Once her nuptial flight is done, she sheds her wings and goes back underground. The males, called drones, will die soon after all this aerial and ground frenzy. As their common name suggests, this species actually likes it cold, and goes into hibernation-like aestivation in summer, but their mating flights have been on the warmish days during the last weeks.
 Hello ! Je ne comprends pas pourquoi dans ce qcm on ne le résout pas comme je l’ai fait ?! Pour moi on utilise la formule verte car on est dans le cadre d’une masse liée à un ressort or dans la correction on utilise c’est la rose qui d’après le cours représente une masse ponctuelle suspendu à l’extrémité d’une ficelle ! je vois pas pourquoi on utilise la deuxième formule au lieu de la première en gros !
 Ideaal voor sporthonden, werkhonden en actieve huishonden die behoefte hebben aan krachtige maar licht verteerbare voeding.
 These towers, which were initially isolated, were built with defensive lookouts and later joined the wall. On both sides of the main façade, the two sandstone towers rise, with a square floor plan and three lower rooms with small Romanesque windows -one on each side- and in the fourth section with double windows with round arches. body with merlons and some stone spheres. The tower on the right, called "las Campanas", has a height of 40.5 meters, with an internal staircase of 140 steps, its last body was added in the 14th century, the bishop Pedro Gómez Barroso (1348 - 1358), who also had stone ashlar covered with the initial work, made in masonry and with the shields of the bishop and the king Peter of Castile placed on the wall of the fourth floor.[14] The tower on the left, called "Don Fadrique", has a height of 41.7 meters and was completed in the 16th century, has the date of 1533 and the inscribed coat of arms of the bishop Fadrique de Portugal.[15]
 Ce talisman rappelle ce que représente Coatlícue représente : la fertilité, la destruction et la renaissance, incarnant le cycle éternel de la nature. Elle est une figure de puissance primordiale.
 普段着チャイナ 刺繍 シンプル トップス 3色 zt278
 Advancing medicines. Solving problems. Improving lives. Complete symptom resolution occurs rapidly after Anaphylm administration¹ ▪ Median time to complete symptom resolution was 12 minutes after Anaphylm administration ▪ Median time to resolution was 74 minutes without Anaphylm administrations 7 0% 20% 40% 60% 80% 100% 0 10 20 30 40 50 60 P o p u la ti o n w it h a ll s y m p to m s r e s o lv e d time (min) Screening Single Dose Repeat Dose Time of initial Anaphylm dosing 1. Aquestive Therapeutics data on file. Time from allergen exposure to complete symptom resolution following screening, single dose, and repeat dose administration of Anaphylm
==
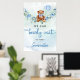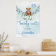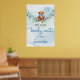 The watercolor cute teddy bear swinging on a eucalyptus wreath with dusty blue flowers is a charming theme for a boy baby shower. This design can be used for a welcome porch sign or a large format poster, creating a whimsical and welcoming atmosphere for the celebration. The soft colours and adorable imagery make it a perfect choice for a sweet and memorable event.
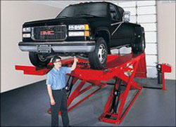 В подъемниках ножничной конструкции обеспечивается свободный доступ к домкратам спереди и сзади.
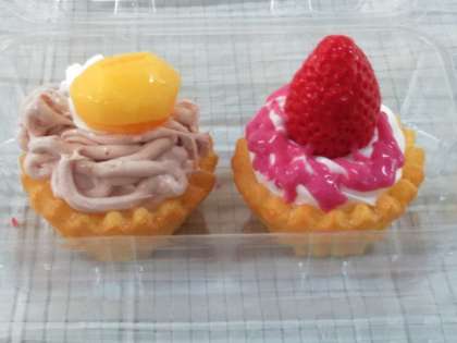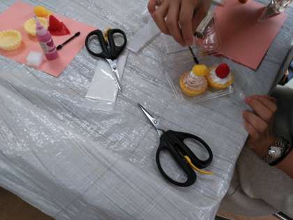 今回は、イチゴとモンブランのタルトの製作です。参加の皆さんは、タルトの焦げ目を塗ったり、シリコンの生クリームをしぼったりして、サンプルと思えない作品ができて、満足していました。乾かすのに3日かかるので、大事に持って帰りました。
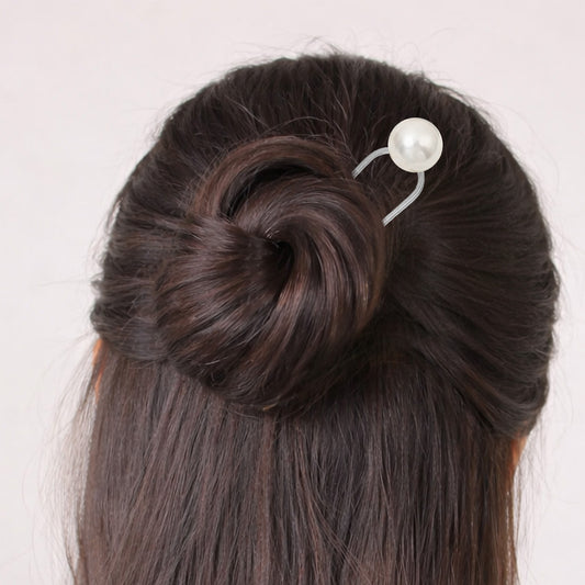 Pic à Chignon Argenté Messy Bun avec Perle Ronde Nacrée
* * *
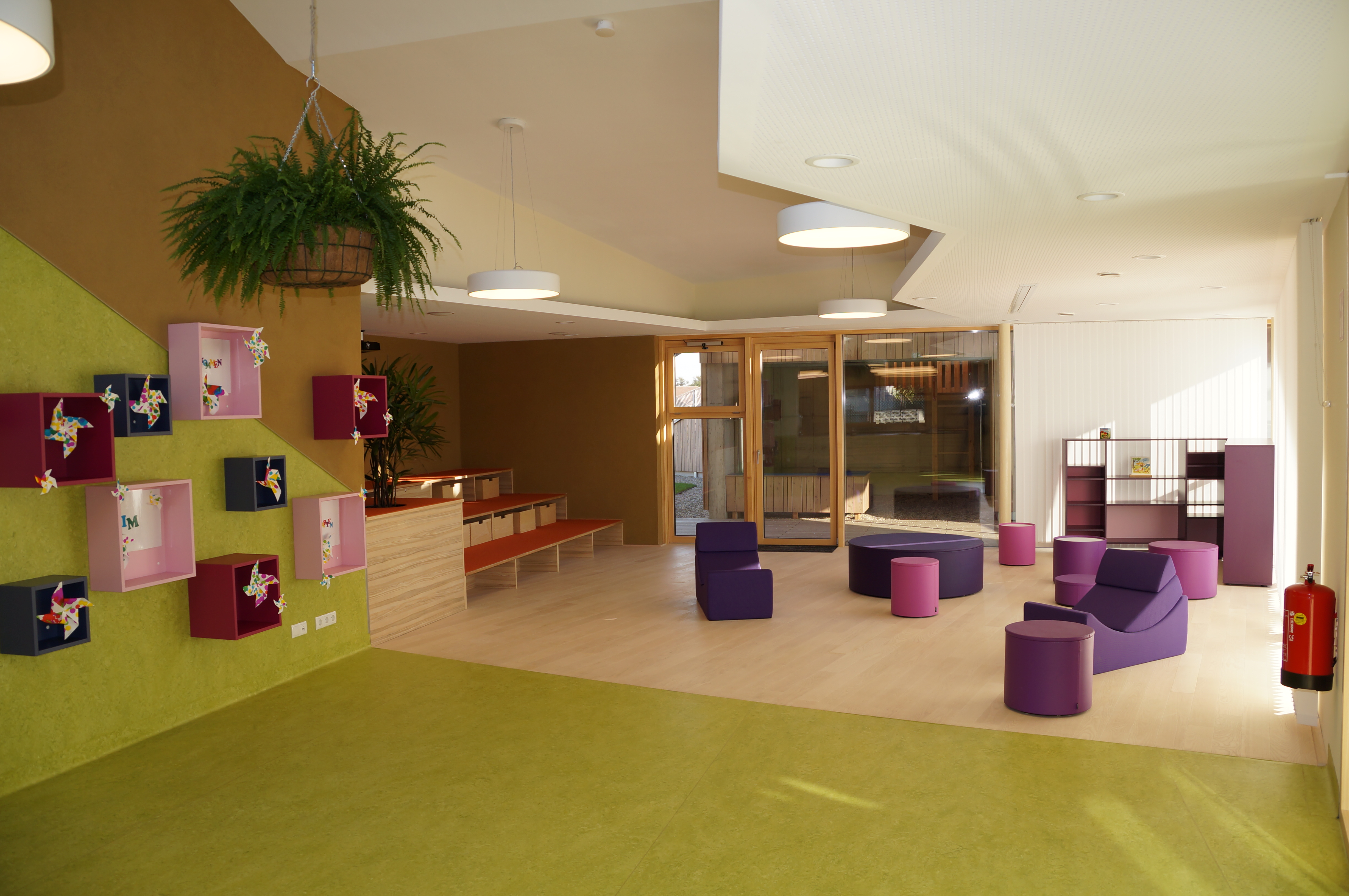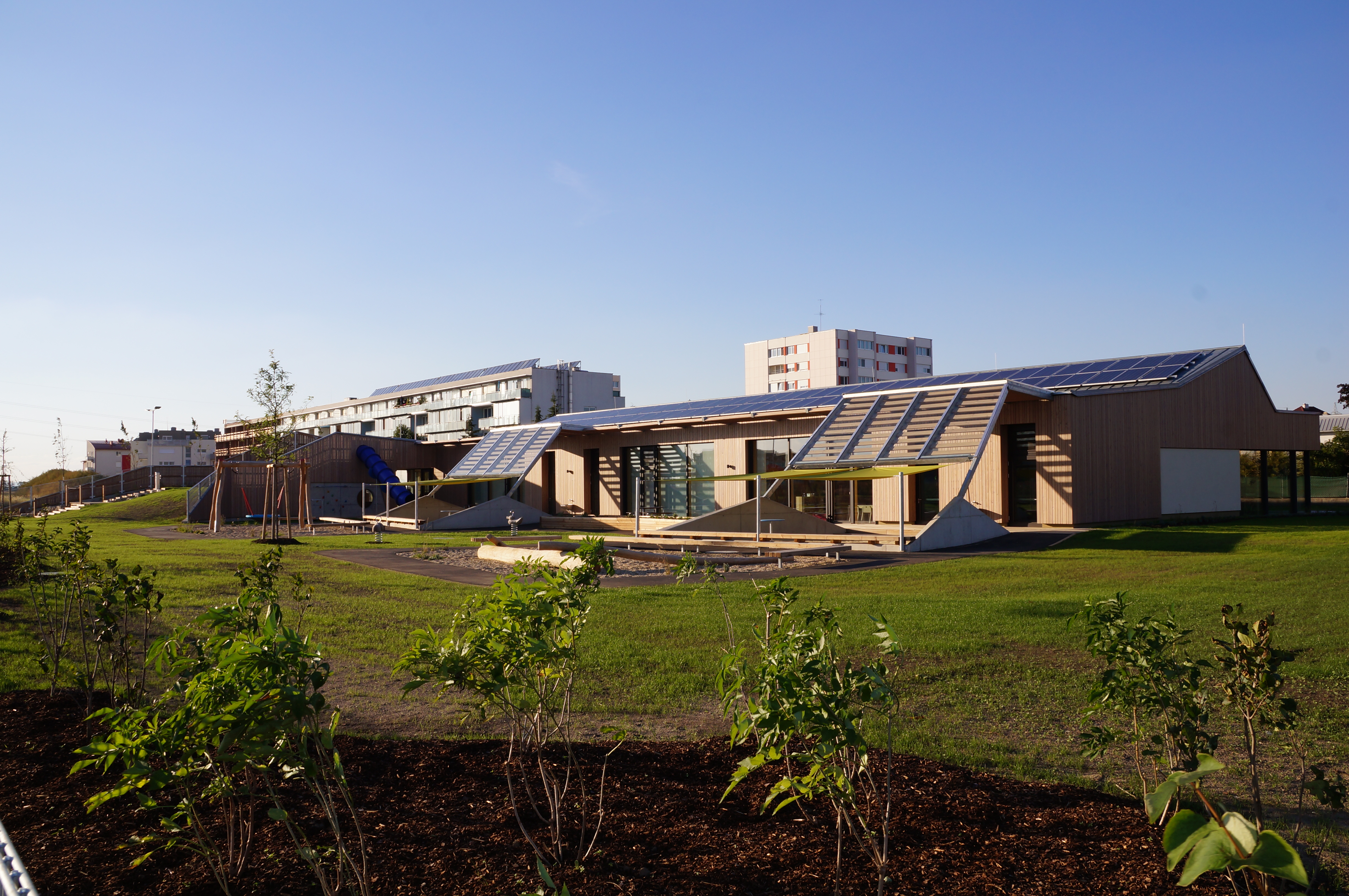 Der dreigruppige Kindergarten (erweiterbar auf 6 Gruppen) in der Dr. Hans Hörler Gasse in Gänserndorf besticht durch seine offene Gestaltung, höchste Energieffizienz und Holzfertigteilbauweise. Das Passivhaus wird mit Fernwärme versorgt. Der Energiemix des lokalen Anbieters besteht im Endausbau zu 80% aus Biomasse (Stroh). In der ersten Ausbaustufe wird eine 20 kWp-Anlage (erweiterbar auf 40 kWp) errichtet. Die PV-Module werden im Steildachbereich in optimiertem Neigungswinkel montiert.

* WORK REQUEST
Print exactly the lines of the listing above starting at the line containing "Ce talisman rappelle" and ending at the line containing "普段着チャイナ 刺繍 シンプル トップス 3色 zt278", both included.

* EXERCISE ANSWER
 Ce talisman rappelle ce que représente Coatlícue représente : la fertilité, la destruction et la renaissance, incarnant le cycle éternel de la nature. Elle est une figure de puissance primordiale.
 普段着チャイナ 刺繍 シンプル トップス 3色 zt278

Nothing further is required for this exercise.